From today's issue of
The Daily Gamecock. Article by Jimmy Gilmore, Property
The Daily Gamecock
The Oscar race is many things. It is about the statue, about the prestige, about rooting for the underdog, about championing the personal favorite. Almost above all else though, it is about strategy.
While few outside the film industry and its close followers would ever notice, the campaign to win an Academy Award takes many different forms, employs many different tactics and overall tries to convince a voting body of over 5,000 that your candidate is the right candidate, for whatever reason.
Few were able to understand that landscape and the subtle ways it could be pulled ever so slightly in a candidate's favor like Ronni Chasen, one of the most revered publicists in the tricky world of the Oscars. Last week, Chasen, 64, was fatally shot while driving through Beverly Hills.
Over the past week, the kind of outpouring of emotions about Chasen and her work have been, to say the least, staggering. From big papers like Variety and The Hollywood Reporter down to the more recognized Oscar blogs like Awards Daily, writers and commentators have not held back from their tributes, anecdotes and memorials.
The publicist behind such Best Picture campaigns as 1989's "Driving Miss Daisy" and 2008's "Slumdog Millionaire," her clients included Best Supporting Actor candidate Michael Douglas and composer Hans Zimmer.
There is an accepted narrative of Hollywood around the three-month stretch of the Academy Awards, where the industry is regularly painted as cold, impersonal and narcissistic – devoting all its extra marketing money and energy toward convincing the "crotchety" Academy to vote for one person or another based on some sort of imagined criteria.
This kind of violent, inexplicable tragedy makes all of us step back, even those of us who may have never even heard of Ronni Chasen before reading this article.
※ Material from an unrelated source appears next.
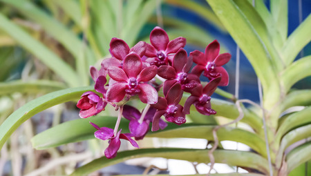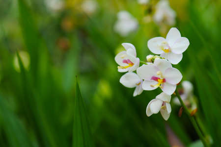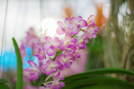 Beautiful small Orchid flower in orchid garden at winter or spring day. Orchid flower for postcard beauty and agriculture design. , in full bloom in farm, on nature blur background

It makes us step back because it reveals for a brief moment part of the inner mechanization of the Hollywood Machine. It illuminates not only the people behind the race, but how the people win the race.
Most people realize that Academy Awards aren't just won by releasing movies or choosing the right release date.
They're won by successful media tours, attractive "For Your Consideration" advertisements and, above all, a good strategist.
Part of the beauty of the race is being able to follow how the race works, to see how people like Chasen tap in to the most attractive elements of any given film and pursue it from print ads to red carpets. To lose Chasen is to lose an artist, one who could help us see the beauty of a film, even if in the name of a small golden statue and the prestige that comes with it.
Watching the awards race this year, one has to wonder if the loss of Chasen will be deeply felt, or if those she taught will rise to replace her. We Oscar faithful are left not only saddened by such a violent loss of such a major personality but by the loss of a particular brand of visionary, someone who was able to set herself apart from the pack through her ability to set particular films apart from the pack.
The investigation into Chasen's murder remains ongoing, as do the outpours of support. The best people in show business live on through the mark they made, and Chasen helped define the art of the Academy Awards race. That's Entertainment.